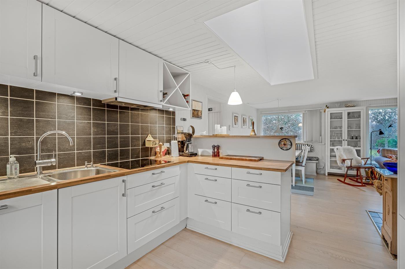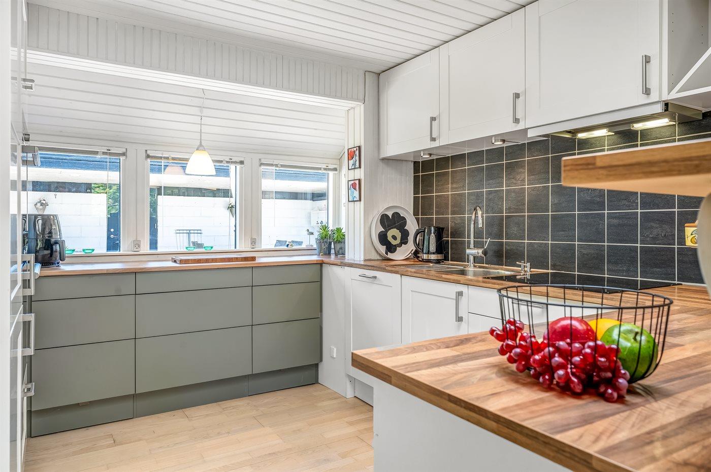 Køkkenet er udstyret med 1 køleskab. Der er 4 keramiske kogeplader, varmluftovn, mikrobølgeovn, Airfryer samt opvaskemaskine.
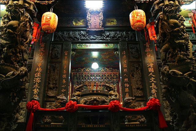 再內(nèi)為大雄寶殿,供奉釋迦牟尼佛,該殿占地頗廣,因而三十燭光的燈泡更顯出洞內(nèi)的幽暗,但暗并不妨礙行者的修行,正如殿上的喝語(yǔ):仙自燦爛展臺(tái)稱,洞常幽暗境常清,一顆明星在暗夜中更顯出其明亮,而佛菩薩更能在紛擾熙攘的環(huán)境中求得一片凈土,因而所處雖紛亂、晦暗,卻能保有一顆澄明、平常的心。寶殿右側(cè)為地藏殿,供奉地藏王菩薩,為生靈開(kāi)覺(jué)路;左側(cè),供奉民間傳說(shuō)的八仙,更為仙洞巖加上神話色彩。由于石洞天成,且為海蝕,經(jīng)過(guò)長(zhǎng)時(shí)間的侵蝕后,洞內(nèi)時(shí)而有水滴穿流而下;高搬觸石壁,腐蝕的壁巖屑隨著手指的觸摸而沾滿,心頭一驚,心想,這風(fēng)化的石壁不知經(jīng)過(guò)了多久時(shí)間的摧殘才形成?若再一直風(fēng)化下去,仙洞巖不知能再在宇宙間存在多少時(shí)日?叉百多少有緣人能及時(shí)一會(huì)?
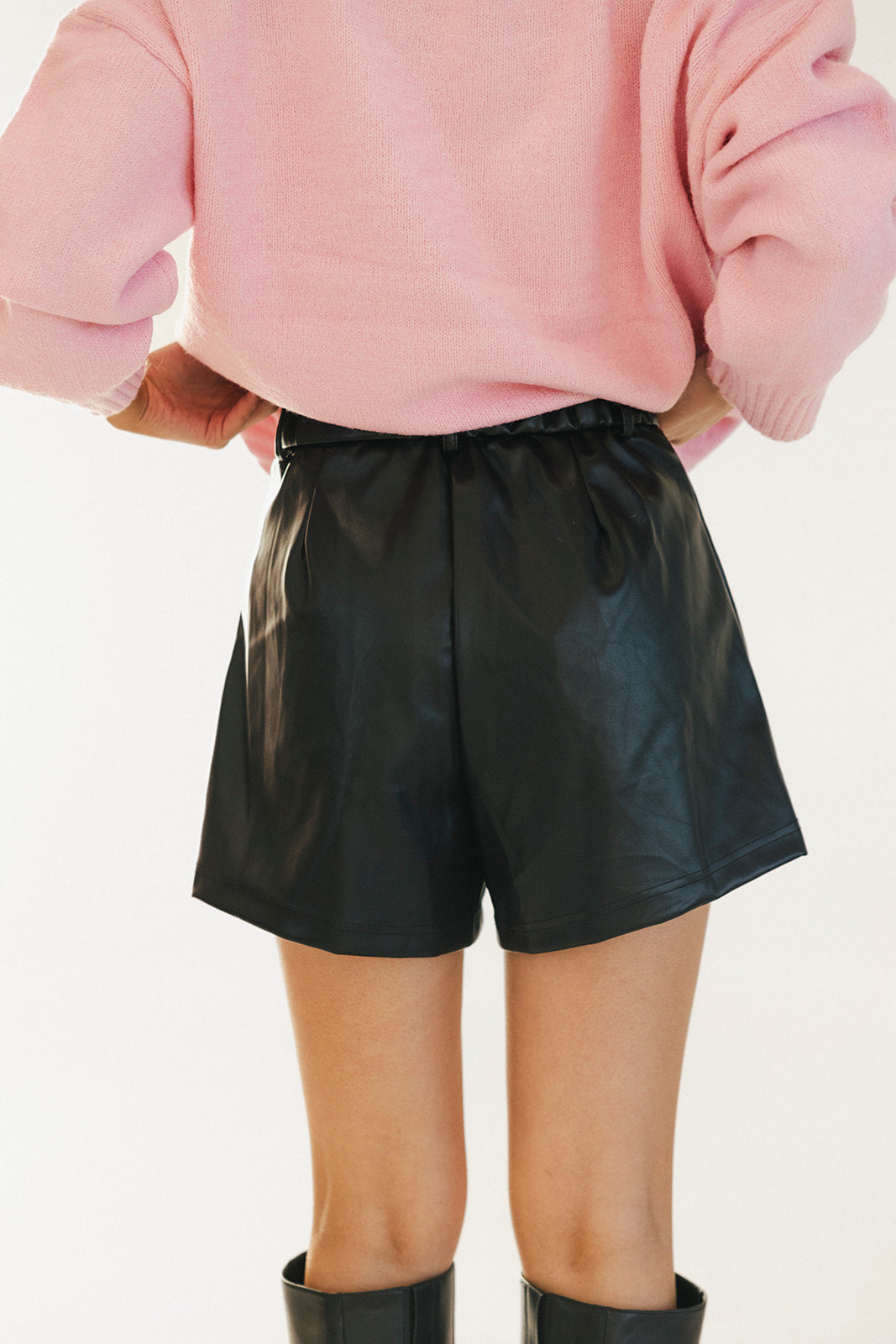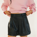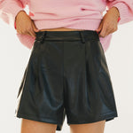 Introducing the Logan Pleated Leather Shorts in Black—a versatile piece that seamlessly transitions from casual to elevated looks. Constructed from a thoughtful blend of 50% PU and 50% Polyester, these shorts deliver both durability and comfort. The signature pleated detailing brings an understated elegance to your wardrobe, while the sleek black leather finish ensures you'll feel confident and polished no matter the occasion.

- Task to carry out
Repeat the listing exactly, minus its pictures.

- Result for this exercise
 Køkkenet er udstyret med 1 køleskab. Der er 4 keramiske kogeplader, varmluftovn, mikrobølgeovn, Airfryer samt opvaskemaskine.
 再內(nèi)為大雄寶殿,供奉釋迦牟尼佛,該殿占地頗廣,因而三十燭光的燈泡更顯出洞內(nèi)的幽暗,但暗并不妨礙行者的修行,正如殿上的喝語(yǔ):仙自燦爛展臺(tái)稱,洞常幽暗境常清,一顆明星在暗夜中更顯出其明亮,而佛菩薩更能在紛擾熙攘的環(huán)境中求得一片凈土,因而所處雖紛亂、晦暗,卻能保有一顆澄明、平常的心。寶殿右側(cè)為地藏殿,供奉地藏王菩薩,為生靈開(kāi)覺(jué)路;左側(cè),供奉民間傳說(shuō)的八仙,更為仙洞巖加上神話色彩。由于石洞天成,且為海蝕,經(jīng)過(guò)長(zhǎng)時(shí)間的侵蝕后,洞內(nèi)時(shí)而有水滴穿流而下;高搬觸石壁,腐蝕的壁巖屑隨著手指的觸摸而沾滿,心頭一驚,心想,這風(fēng)化的石壁不知經(jīng)過(guò)了多久時(shí)間的摧殘才形成?若再一直風(fēng)化下去,仙洞巖不知能再在宇宙間存在多少時(shí)日?叉百多少有緣人能及時(shí)一會(huì)?
 Introducing the Logan Pleated Leather Shorts in Black—a versatile piece that seamlessly transitions from casual to elevated looks. Constructed from a thoughtful blend of 50% PU and 50% Polyester, these shorts deliver both durability and comfort. The signature pleated detailing brings an understated elegance to your wardrobe, while the sleek black leather finish ensures you'll feel confident and polished no matter the occasion.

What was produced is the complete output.